[Ip-health] Fwd: TWN IP Info: South to introduce resolution on access to medicines

Gopa Kumar kumargopakm at gmail.com
Thu Jun 6 22:16:39 PDT 2013


*Title :* TWN IP Info: South to introduce resolution on access to medicines
*Date :* 07 June 2013

*Contents:*

TWN Info Service on Intellectual Property Issues (Jun13/02)
7 June 2013
Third World Network
www.twn.my

*South to introduce resolution on access to medicines
Published in SUNS #7599 dated  6 June 2013*

New Delhi, 5 Jun (K. M. Gopakumar) -- Developing countries are set to
introduce a resolution on access to medicines at the current session of the
United Nations Human Rights Council.

The 23rd regular session of the Human Rights Council is taking place from
27 May to 14 June in Geneva and the draft resolution is expected to come up
for consideration next week.

Brazil, in its intervention on the "Report of the Special Rapporteur on the
right of everyone to the enjoyment of the highest attainable standard of
physical and mental health, Anand Grover, on access to medicines"
(A/HRC/23/42), stated that developing countries including India, Brazil,
South Africa, Egypt and Thailand will introduce the draft resolution at the
Council. It will take forward the recommendations of the Special Rapporteur.

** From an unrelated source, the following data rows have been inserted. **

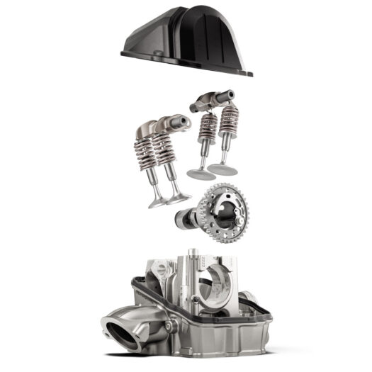 Do hlavy válce se toho vejde opravdu hodně! Lehká a kompaktní a s vačkovým hřídelem umístěným co nejblíže těžišti, je výkon na trati na nové úrovni, pokud jde o jízdní vlastnosti a celkovou ovladatelnost. Jemně děrovaný vačkový řetěz je navržen tak, aby snižoval tření, zatímco povrchová úprava Diamond Like Carbon (DLC) na vahadle zajišťuje, že vše běží ohromně hladce a zároveň zůstává mimořádně odolné.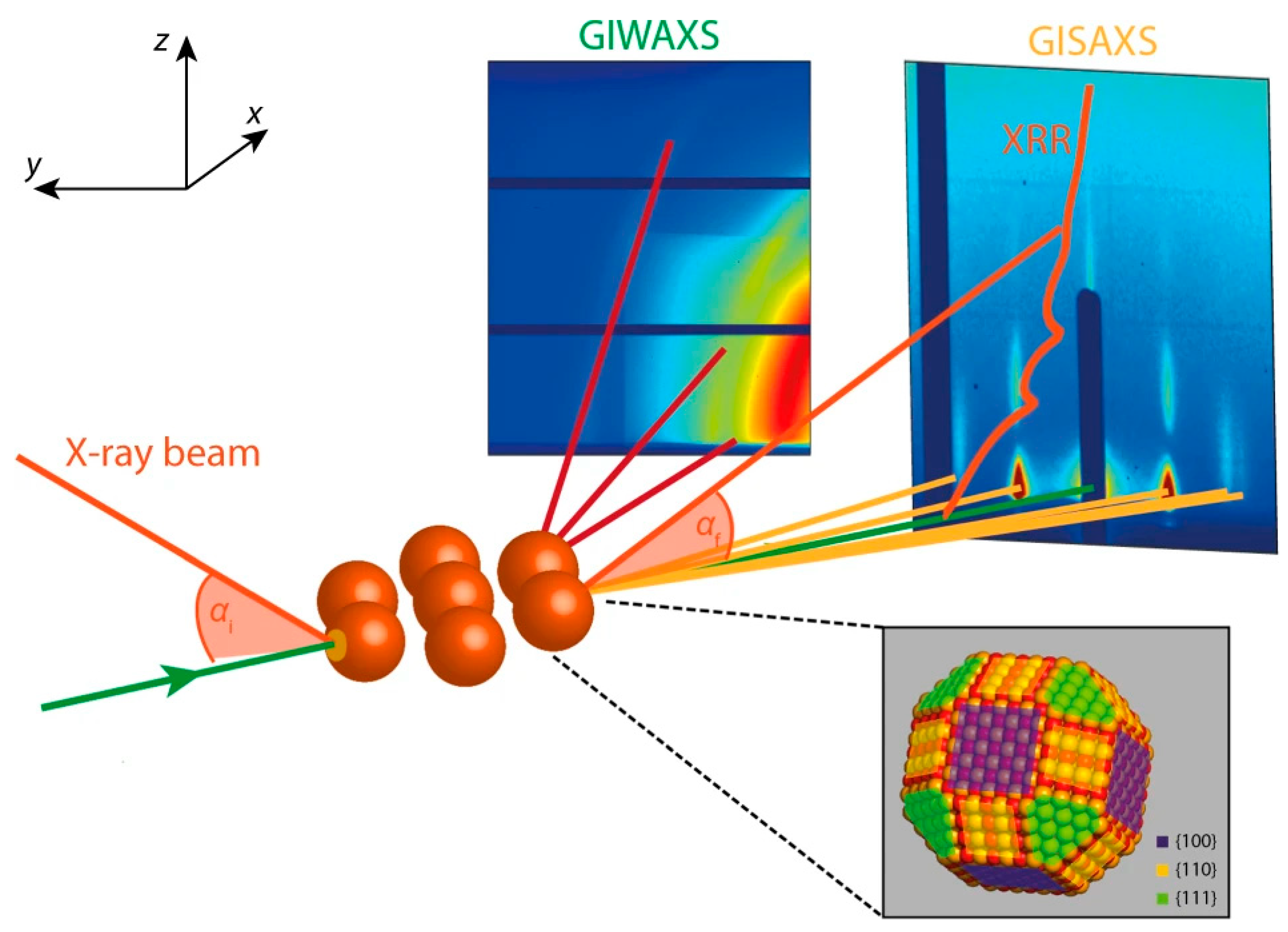 Figure 7. Schematic explaining the concept of the GISAXS/GIWAXS setup. Measurements are taken at a fixed incident angle relative to the liquid surface. GISAXS and GIWAXS signals are collected by detectors positioned in the forward and higher-angle directions, respectively. The inset shows a model of a nanocrystal with different facets labeled as {100}, {110}, and {111}, corresponding to diffraction features observed in the scattering patterns. The red curve in GISAXS indicates X-ray reflectivity (XRR), while the colored scattering maps depict typical intensity distributions in GIWAXS (green) and GISAXS (orange). Reprinted figure with permission from ref. [43]. Copyright (2020) Springer Nature.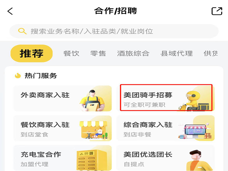 2、在合作/招聘页面上,点击“美团骑手招募”,进入美团骑手招募页面。
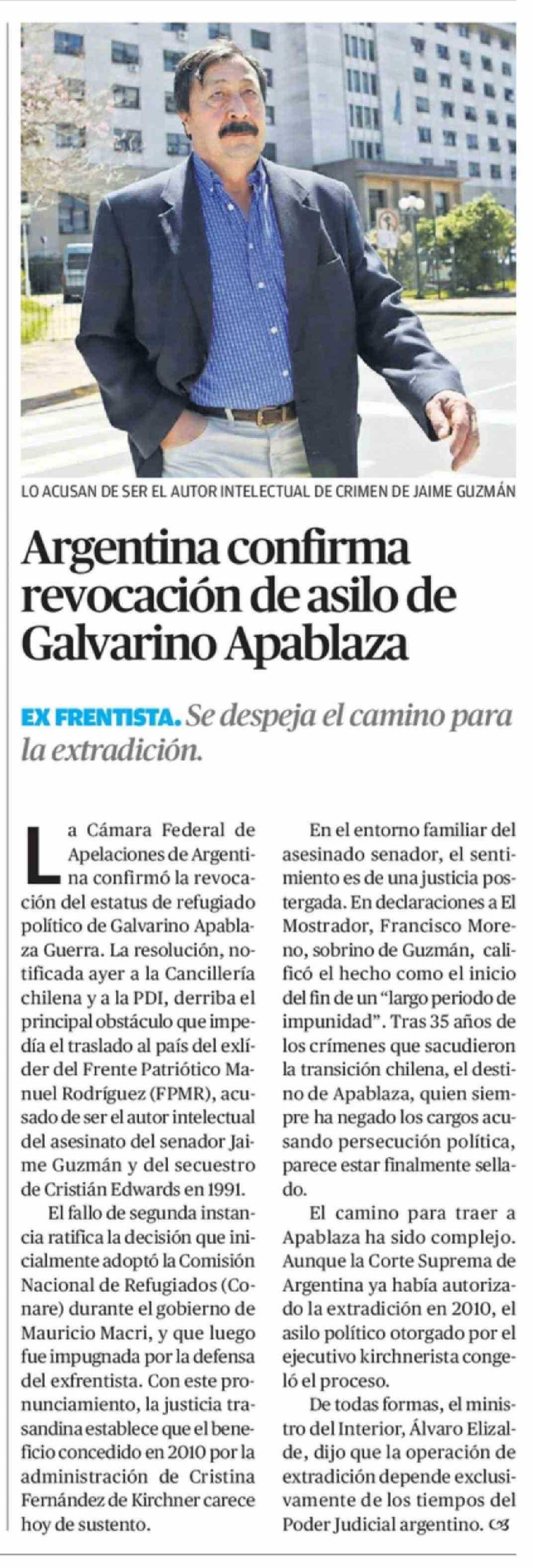Título: Argentina confirma revocación de asilo de Galvarino Apablaza

It is learned that informal negotiations are already underway. The draft
resolution requests States, the UN and other intergovernmental
organisations to address the existing challenges with regard to access to
medicines in the context of the right to health, and the ways to overcome
those challenges.

The report of the Special Rapporteur on access to medicines, which was
introduced at the Council meeting on 27 May, "identifies and analyses
challenges and good practices with respect to access to medicines in the
context of the right-to-health framework".

It uses the key human rights framework on access to medicines, i. e.
availability, accessibility, acceptability and quality to analyse the
international and national determinants to access to medicines.

In the first section of the report, the Special Rapporteur reviews the
international legal framework as it applies to access to medicines. In the
second section, he identifies key determinants of access to medicines and
discusses challenges and good practices with respect to each aspect. The
key determinants identified in the report are: local production of
medicines, price regulations, medicines lists, procurement, distribution,
rational and appropriate use and quality of medicines.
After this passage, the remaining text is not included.